There's no standard for VRM efficiency, so it's hard to market. But high-end boards do tend to be very efficient. Besides, a voltage regulator suited to the load at hand and closer to the load will always be less lossy than an oversized one placed further away. Moving these out of the PSU inherently increases efficiency through eliminating cable losses, and while there's a balance in terms of the number of converters (many discrete ones will mostly be less efficient than one shared), this will generally suit modern loads better, particularly as these voltages fall further out of use. I'd wager most motherboards would ditch 3.3V entirely, which is an indisputable efficiency gain compared to even an idle 3.3V circuit in the PSU.


It would require a new, standardized northbridge bus and connector. Perhaps something Thunderbolt-esque.
That's not a terrible idea. Sounds very expensive, though. It would for sure be a throwback to the days of the chipset of your motherboard really making a big difference for its featureset.
Except design pressures have lead to a custom PSU for every single one of these SFF applications. I don't think OEMs have any interest in a new PSU design. Hell, most of have even left ATX/BTX behind in their bigger offerings. Why? Because, like Apple, they'd prefer you come crawling back to them to support the hardware. They make a lot of bank on servicing contracts.
You're confusing physical form factors with power delivery standards here. We're discussing the latter mainly, not the former. At least I am. I don't see much of an issue with custom form factor PSUs for OEM SFF PCs, but I do take issue when they are no longer ATX-compatible in terms of power. Switching to only 12V on the other hand would open the doors to the world of small, efficient AC-12VDC PSUs, of which there are many great ones in the 100-400W range. Adding 12VSB should be possible through a simple in-line circuit board which would make third-party PSU replacements for OEM SFF desktops relatively easy, unlike now.
Look at the server board example given above--how dense it is with ICs:

Compare that to a modern ATX motherboard--it strikes as being barren:

Even when you shrink it down to ITX, it's still has large swaths of the PCB that are barren:

...that's because a lot of those circuits are in the power supply.
I guess good job at finding two low-end boards with relatively sparse featuresets? Look at an ITX X570 or Z390 board and come back. Also, as far as I can tell most of the power delivery circuitry on that Asrock Rack board is above the RAM slots except for the CPU VRM and some around the southbridge. Then there's two Ethernet controllers, a management controller, and a heap of headers taking up a lot of board space that would be free if not used for server-specific use cases. Then there's the fact that server boards are overbuilt, mostly built to run at 100% load continuously (which consumer boards are definitely not, nor should they be), and generally have prices including years of enterprise support etc.

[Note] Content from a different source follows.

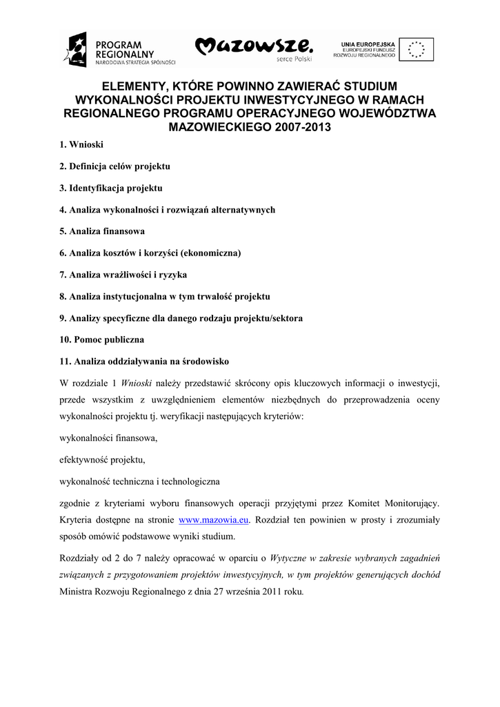 ELEMENTY, KTÓRE POWINNO ZAWIERAĆ STUDIUM WYKONALNOŚCI PROJEKTU INWESTYCYJNEGO W RAMACH REGIONALNEGO PROGRAMU OPERACYJNEGO WOJEWÓDZTWA MAZOWIECKIEGO 2007-2013 1. Wnioski 2. Definicja celów projektu 3. Identyfikacja projektu 4. Analiza wykonalności i rozwiązań alternatywnych 5. Analiza finansowa 6. Analiza kosztów i korzyści (ekonomiczna) 7. Analiza wrażliwości i ryzyka 8. Analiza instytucjonalna w tym trwałość projektu 9. Analizy specyficzne dla danego rodzaju projektu/sektora 10. Pomoc publiczna 11. Analiza oddziaływania na środowisko W rozdziale 1 Wnioski należy przedstawić skrócony opis kluczowych informacji o inwestycji, przede wszystkim z uwzględnieniem elementów niezbędnych do przeprowadzenia oceny wykonalności projektu tj. weryfikacji następujących kryteriów: wykonalności finansowa, efektywność projektu, wykonalność techniczna i technologiczna zgodnie z kryteriami wyboru finansowych operacji przyjętymi przez Komitet Monitorujący. Kryteria dostępne na stronie www.mazowia.eu. Rozdział ten powinien w prosty i zrozumiały sposób omówić podstawowe wyniki studium. Rozdziały od 2 do 7 należy opracować w oparciu o Wytyczne w zakresie wybranych zagadnień związanych z przygotowaniem projektów inwestycyjnych, w tym projektów generujących dochód Ministra Rozwoju Regionalnego z dnia 27 września 2011 roku. Ponadto rozdział 4 Analiza wykonalności i rozwiązań alternatywnych powinien zostać rozszerzony o analizę i uzasadnienie wyboru zastosowanych w projekcie rozwiązań technologicznych. Rozdział 8 Analiza instytucjonalna w tym trwałość projektu powinien przede wszystkim odpowiedzieć na pytanie: Czy beneficjent posiada zdolność organizacyjną do wdrożenia projektu? Czy beneficjent posiada zdolność organizacyjną i finansową do utrzymania projektu? Kto będzie zarządzał projektem w okresie, co najmniej 5 lat od zakończenia projektu? Rozdział 9 Analizy specyficzne dla danego rodzaju projektu/sektora Należy dokonać analizy projektu pod kątem specyfiki danego sektora np. w przypadku projektów drogowych należy przeprowadzić analizy ruchowe, edukacyjnych - analizy efektywności działań dydaktycznych itp. Rozdział 10 Pomoc publiczna Należy uzasadnić, czy projekt podlega zasadom pomocy publicznej na podstawie obowiązujących aktów prawnych i wytycznych. W przypadku stwierdzenia, że inwestycja podlega rygorowi pomocy publicznej, należy uzasadnić wnioskowany poziom dofinansowania zgodnie z poziomem wskazanym w odpowiednim rozporządzeniu. Wykaz obowiązujących aktów prawnych i wytycznych znajduje się w Uszczegółowieniu RPO WM obowiązującym w chwili ogłoszenia konkursu. Rozdział 11 Analiza oddziaływania na środowisko Dla projektów, dla których wymagane jest zgodnie z prawem polskim oraz unijnym przeprowadzenie postępowania w sprawie uzyskania decyzji o środowiskowych uwarunkowaniach, w tym oceny oddziaływania na środowisko, należy przedstawić krótką analizę oddziaływania inwestycji na poszczególne komponenty środowiska. Dla wszystkich projektów obligatoryjne jest odniesienie się do przewidywanego wpływu inwestycji na obszary Natura 2000. W obu ww. przypadkach zastosowanie mają Wytyczne Ministra Rozwoju Regionalnego w zakresie postępowania w sprawie oceny oddziaływania na środowisko dla przedsięwzięć współfinansowanych z krajowych lub regionalnych programów operacyjnych.

For comparison, here's an ASRock X570 Phantom Gaming ITX/TB3 without its heatsinks and other cosmetics:

TL;DR: FSP is advocating for lower PSU costs and much higher motherboard design and manufacturing costs. I'm not okay with that especially when PSUs really don't functionally obsolete but motherboards do.
No. FSP is showing off a PSU based on an updated Intel power delivery standard - possibly a successor to the ATX power delivery standard? - which aligns much better with current hardware and hardware design trends than the old ATX standard and its legacy featureset and relatively low power delivery capability.